The Vatican has added endnotes to the Pope's Regensburg Address. Note 3 gives the sources for the words of the Byzantine Emperor Manuel II and adds

In the Muslim world, this quotation has unfortunately been taken as an expression of my personal position, thus arousing understandable indignation. I hope that the reader of my text can see immediately that this sentence does not express my personal view of the Qur’an, for which I have the respect due to the holy book of a great religion. In quoting the text of the Emperor Manuel II, I intended solely to draw out the essential relationship between faith and reason. On this point I am in agreement with Manuel II, but without endorsing his polemic.
Obviously, as with his previous statements, he was sorry for the effect his words had had, not for the words themselves.

Note 5 is interesting.
It was purely for the sake of this statement that I quoted the dialogue between Manuel and his Persian interlocutor. In this statement the theme of my subsequent reflections emerges.
The sentence referred to is
The decisive statement in this argument against violent conversion is this: not to act in accordance with reason is contrary to God's nature.
The rest of the paragraph reads
The editor, Theodore Khoury, observes: For the emperor, as a Byzantine shaped by Greek philosophy, this statement is self-evident. But for Muslim teaching, God is absolutely transcendent. His will is not bound up with any of our categories, even that of rationality.[6] Here Khoury quotes a work of the noted French Islamist R. Arnaldez, who points out that Ibn Hazm went so far as to state that God is not bound even by his own word, and that nothing would oblige him to reveal the truth to us. Were it God's will, we would even have to practise idolatry.[7]
Note 6 merely gives sources, but Note 7 refers us to later in the address, where he speaks of tendencies in late Medieval Christianity (Duns Scotus) towards the position of Ibn Hazm outlined above, tendencies not reflected in Church doctrine.

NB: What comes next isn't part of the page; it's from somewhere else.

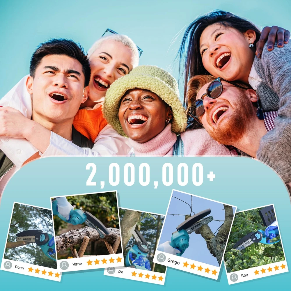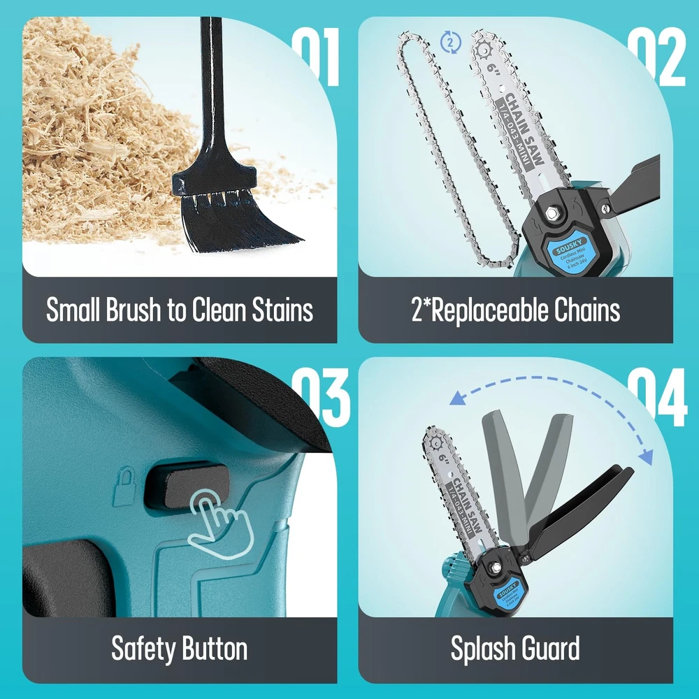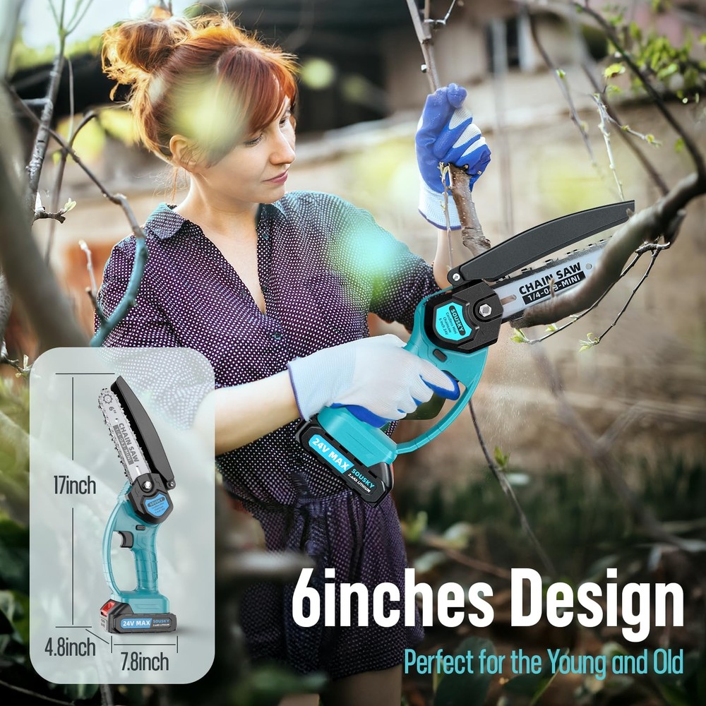 【Strong 6 inch Mini Chainsaw】: We collected feedback from thousands of buyers, and created this upgraded 6inch mini chainsaw based on user needs and suggestions from top designers. Longer working time, stronger power, and smoother chain operation all greatly improve the cutting efficiency and prolong the service life of the mini chainsaw 【2*Powerful 24V Batteries】:The mini electric chainsaw is equipped with 2*24V-2000MAH rechargeable batteries, no need to worry about insufficient power. A fully charged battery can work for 45-50 minutes to meet your cutting needs. The 3A high-quality battery has the self-overload and temperature protection function of lithium-ion battery. Additionally, the mini chainsaw also comes with overheating and explosion protection. We have safety certification of CE and UL 【Easy Operation and Collection】: The cordless mini chainsaw weighs only 5.8lb. Ultra-thin body, small size, comfortable to hold. It equipped with a toolbox to collect all accessories, you can carry it wherever and whenever you go. Warming tips: You must unlock the safety lock before starting to use the mini chainsaw, then use it while pressing the trigger 【Multi-protection & Quality Assurance】: Multiple protection measures fully guarantee your personal safety. 1.Equipped with a safety lock button to prevent accidental activation. 2.The safety baffle prevents sawdust from flying around. 3.Equipped with goggles to prevent debris from entering your eyes. 4.We offer 365 days of free replacement of products with defective quality, so you can buy our mini chainsaw with confidence 【Widely Used】: Despite its small size and light weight, the mini chainsaw cordless is just as powerful and efficient as larger chainsaws. All accessories can be stored perfectly. It can be used for trees pruning, garden art and shrub pruning in everyday household, as well as forest cutting, timber harvesting and other activities in large work. Gardens, farms, parks, forests, pastures, orchards, indoors and other places can be satisfied one by one 【Full Accessories & Great After-Sales Service】:Mini Chainsaw ×1, Rechargeable Li-on Battery ×2, Chain ×2 (1 has been installed on the chainsaw), Safety Guide Plate ×1, Safety Gloves ×2, Charger ×1, Screwdriver ×1, L-type Socket Wrench×1, Brush×1, Oil Bottle×1, Toolbox ×1, User Manual×1; will solve your problems online 24 hours a day. Feel free to answer your questions anytime

As opposed to this, the faith of the Church has always insisted that between God and us, between his eternal Creator Spirit and our created reason there exists a real analogy, in which - as the Fourth Lateran Council in 1215 stated - unlikeness remains infinitely greater than likeness, yet not to the point of abolishing analogy and its language.... [T]he truly divine God is the God who has revealed himself as logos and, as logos, has acted and continues to act lovingly on our behalf. Certainly, love, as Saint Paul says, "transcends" knowledge and is thereby capable of perceiving more than thought alone (cf. Eph 3:19); nonetheless it continues to be love of the God who is Logos....Consequently, Christian worship is, again to quote Paul - "λογικη λατρεία", worship in harmony with the eternal Word and with our reason (cf. Rom 12:1).
There is no softening of his position at all and the contrast remains between the Christian belief in a God who does not contradict our reason and the quoted Islamic belief in a God that is completely transcendent, that has no necessary connection to our reason.